Growing up, I was taught that houses and a home were different. I think that logic would apply here. Coming from a person who wanted nothing more than to "bat a thousand," (Innocent euphemism for wanting to make my first girlfriend my first wife.) with his first girlfriend, it never came to fruition. Just two months ago, I wept and I wept over it. Thinking some part of me left, thinking I'd never be the same. Forever bitter, vengeful. As time went by, the weight lessened and lessened. I wasn't clenching my fists at the thought of her with someone else or throwing her gifted hat across the room in a fit of random, inexplicable anger...(Inexplicable because I would just randomly get angry at the thought of her.)...a part of me had come to realize, the woman that I wanted a home with, was never a home at all.

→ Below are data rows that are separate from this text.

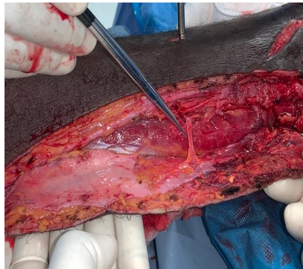
Figure 3: Flap raised with perforator skeletonized
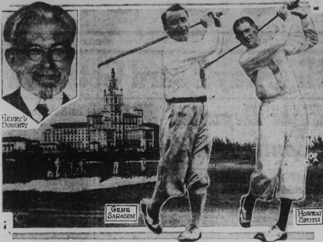
Winter, Florida and golf, a natural combination and the Sunshine State sets the pace with the Miami-Biltmore $10,000 open tournament at Coral Gables next week.
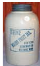
½ gal. dome-top Union Stoneware Mason jar, $3400.
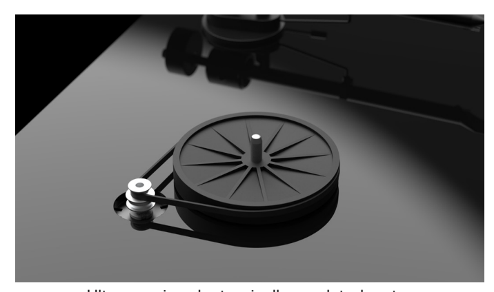
Ultra-precise electronically regulated motor Immaculate speed stability and accuracy

In the T1-line, the motor drives a belt-system, attached to a newly designed sub-platter, which is mounted into an ultra-precise 0.001mm main bearing with a hardened steel axle and brass bushing – just like our coveted Essential III turntables. Alongside the chosen motor system, the T1 is therefore able to ensure a smooth, anti-resonant rotational platform for the tonearm and cartridge to ride across.
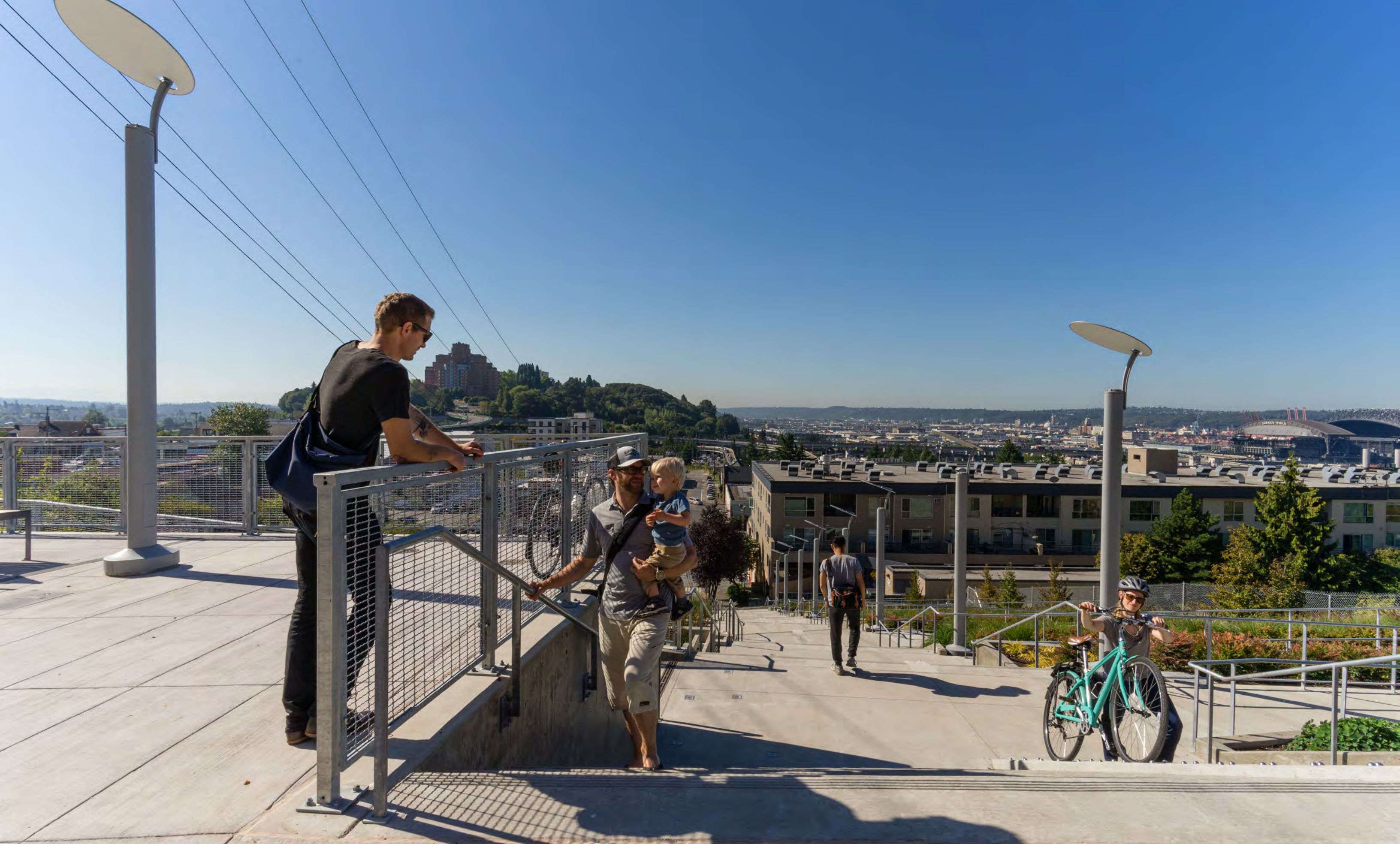
A view from the plaza of the stairs looking south.
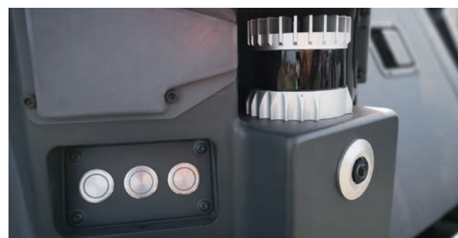
Connected to a set of advanced sensors such as LiDAR, radar, and cameras, the PATH technology is designed to convert any drive-by-wire platform into an autonomous vehicle

You make the best of your abilities, with the rooms and closets you were given. The skeletons, the cobwebs, the dust bunnies, and broken cabinets. But you can try and fix these things, ignore these things, make them into something else. You cannot fix your house if you're on a hill with bad foundation though. Year by year, your home is slipping. When it rains, it slips under the space of your front door and slips through the cracks of your windowpane. You want to move out yet refuse because it's all you know. Yet when your house finally slips into a deep mudslide, you may realize it was time to leave if you're awake to see it.

We find ourselves in different things and people. We take comfort in knowing that there are people who can understand our struggle. And while these people are not romantic interests, they help take the burden off. They're not a home, but they are an apartment in the city. A place where you can reside and lean on for years to come. Some people even make an apartment a permanent residence. Can't quite have a yard or a swing set for your future children, but it's comfortable, makes you happy. It doesn't necessarily have all of your heart, but it treats it so much better than that mudslide of a home. You love your apartment. You buy it after college and chill in it. But eventually, you move away from this place in search of something a bit cozier.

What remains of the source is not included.